“I’m getting old” is a popular complaint and frequently overheard during military fitness testing. It’s mostly a lame excuse based on societal misperceptions that has nothing to do with human physiology. Here’s what really happens.

First, you stopped taking steroids. You probably called it “going through puberty” but your adolescence was a growth spurt fueled by growth hormones and steroids that your mammalian body produced naturally. To demonstrate, consider how much lean body mass you gained from age 8 to 18. Even without a conscious intervention directed at getting you stronger, such as lifting weights, you got stronger by merely failing to die.

Second, your post-adolescent self stopped doing “kid stuff.” Recess and playground time was replaced with more classroom time and then a job. Even for the active, how many high school athletes continue to compete in any sports after graduation? Instead, most people either become an adult and get a job or go on to further education to get a job. So right after that natural growth/steroid cycle comes to an end, people tend to greatly reduce their activity levels. Even traditionally hard labor professions (farming, construction, logging, mining, etc.) have become more automated over the centuries while knowledge work and desk jobs have increased. Physical activity is either consciously programmed (unit/department mandatory PT and fitness tests, join an adult sports league, conduct some type of exercise on your own, etc.) or it likely doesn’t happen.

This lack of activity coinciding with the end of this natural growth spurt is essentially a detraining effect. There is no physiological reason it must occur. Studies of elderly people, including men and women in their 70s, 80s, and 90s with existing medical conditions, demonstrate that humans are capable of getting stronger at any age if they consistently do something that will trigger a needed adaptation to force the body to get stronger. In other words, grandma can stay fit and independent and avoid languishing in a vegetable farm (nursing home or similar pre-graveyard purgatory) if she does something like lifting weights several times a week to get that way. But societal norms suggest that grandmas (or men over 35 or women of any age…) aren’t supposed to use barbells (even though there is no physiological basis for this) so most of them don’t. Decades after stopping recess and away from that natural steroid cycle, the societal norm of what “old” is takes over.
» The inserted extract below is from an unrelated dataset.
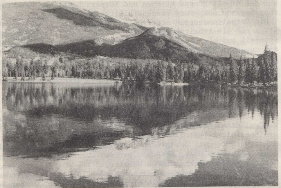
Mount Tekarra und Lac Beauvert im Jasper-Nationalpark (Alberta)

Die vierzehntägige Pauschalreise "Totem Circle Routes" beginnt auf der Insel Vancouver und umfaßt eine Fahrt durch die Georgie-Straße mit dem Fährschiff "Queen of Prince Rupert" sowie eine Tour durch den zentralen Teil der Provinz Britisch-Kolumbien und den Jasper National Park in Alberta. Der Preis ab Montreal beträgt pro Person 724 Dollar (auf Doppelzimmerbasis).

At the absolute upper edge of high-level athletic performance – the place where professional athletes and Olympians and World Record holders reside – aging effects can make a difference but that’s primarily because even a tiny fall off is detectable at that level. For the rest of humanity, especially your typical enlisted person that only needs a respectable result to merely pass a PT test or any human that wants to retain a bit of youthful vigor, these effects are grossly overstated and largely a nocebo effect.

Original story:

The physiology of running can be broken down into three parts. There’s the body’s fitness: how fast you can get oxygen to the muscles and how fast you can go before lactate accumulates in the blood. Then there’s running economy: the efficiency with which you move. And then there’s mass: how much you weigh. Multiply fitness by running economy and divide by mass. That’s how fast you’ll go.

As a person ages, those variables don’t have to ineluctably get worse. We often gain weight, but we can lose it again. We pick up bad habits from injuries that change our form – say, a tweaked right ankle that makes us land too hard on our left. But a habit caused by an unconscious choice can usually be reversed by a conscious one.

Most important, as Kirby explained, our muscles change in ways that are both good and bad. As we train, over time, the mitochondria inside our muscle cells become more efficient at converting energy. New blood vessels develop. Tendons strengthen. On the other hand, our lean muscle mass declines with age, which is bad for marathoners and even worse for sprinters. Still, the decline doesn’t have to be steep.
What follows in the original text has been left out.